When Wahlberg took the stage with Berg and Petty Officer Luttrell after the credits rolled for a brief Q&A, he looked distraught and distracted. After Luttrell explained how he and Berg teamed up for the film, the moderator, Festival Director Jacqueline Lyanga, turned to Wahlberg to ask about his rigorous training and the rough shoot. Wahlberg looked visibly pained by the question and started on what would become an almost five-minute monologue. “For actors to sit there and talk about ‘oh I went to SEAL training’? I don’t give a f-ck what you did. You don’t do what these guys did. For somebody to sit there and say my job was as difficult as being in the military? How f-cking dare you, while you sit in a makeup chair for two hours,” Wahlberg said.

He continued: “I don’t give a sh-t if you get your ass busted. You get to go home at the end of the day. You get to go to your hotel room. You get to order your f-cking chicken. Whatever the f-ck it is. People talk about what do we do to bond the way that those guys bonded. We just knew what they did. It didn’t matter. I didn’t have to say a word to Emile [Hirsch] or a word to Taylor Kitsch, Ben Foster…who’s my brother even though he’s the kind of actor who wants to continuously debate the debate and everything else…and I love him for it. I gave him half my salary…whatever I gave him…to do it because I knew how great he was and for us to be on that mountain together and in the end I could just look at him and it would break my heart knowing that that’s my brother and I may never see him again. But it just seems like so much more than that.”

“I’ve done the movies where I talk about God. I trained for four and a half years and I was ‘The Fighter’ and f-ck all that. It really means nothing. I love Marcus [Luttrell] for what he’s done and I’m a very lucky guy to do what I do and I’m proud to have been part of it, but it’s just so much bigger than what I do. I love Pete [Berg] for what he did and how committed he was,” he said. “He would never let any one of us forget about what was important in the course of making the movie and whether it was Marcus or the other SEAL guys, if they saw something that didn’t ring true, I don’t care if it was going to be the biggest stunt sequence in the movie, they would cut, call bullsh-t, and grab all of us by the f-cking neck and say ‘no do it this way, and do it right and make it real’ and if you don’t it’s a problem. I was really proud to be a part of that.”

Wahlberg finished by saying, simply: “I’m sorry for losing my sh-t. Don’t ask any more questions tonight.”

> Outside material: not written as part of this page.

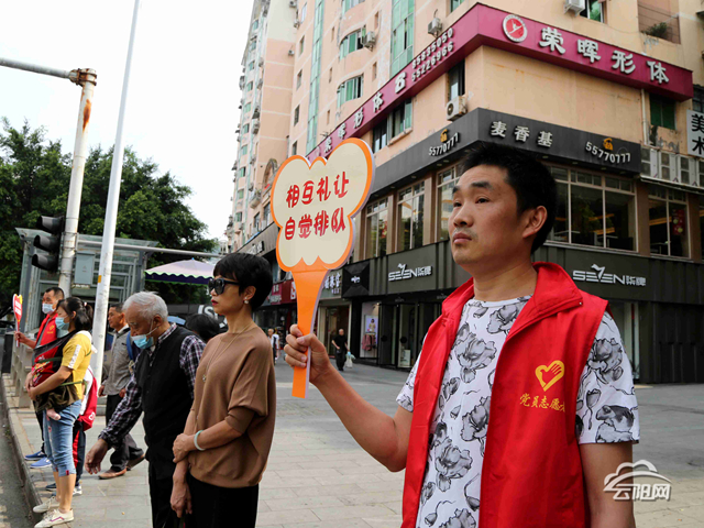 云陽(yáng)網(wǎng)訊(記者 鄧?yán)冢罢?qǐng)往馬路內(nèi)側(cè)站,不要離馬路太近……”5月16日,在云江大道愛家路口,志愿者穿著紅背心,手拿標(biāo)識(shí)牌,勸導(dǎo)市民安全、文明有序過(guò)馬路。

Berg attempted to lighten the mood by grabbing Wahlberg’s arm and reassuring the audience that it had been a long night, to which Wahlberg replied “no, it’s just getting f-cking started. I’m going to find my f-cking second wind and we’re going to celebrate this f-cking movie. But don’t ask me any more questions.”
 
It's not like he hasn't had his moments of being a douche nozzle.

'If I was on that plane with my kids, it wouldn't have went down like it did. There would have been a lot of blood in that first class cabin and then me saying "OK, we're going to land somewhere safely, don't worry".'
 
First reviews are out:

Berg shoots their every wound - and they suffer dozens, because while it takes one or two bullets to kill an Afghani it takes ten just to slow an American down - with a loving attention that calls to mind Mel Gibson's The Passion of the Christ.

Berg sets up the cathartic moments we're used to in movies like this, but then he pulls out the rug, reminding us that the cavalry doesn't always miraculously show up in time to save the day.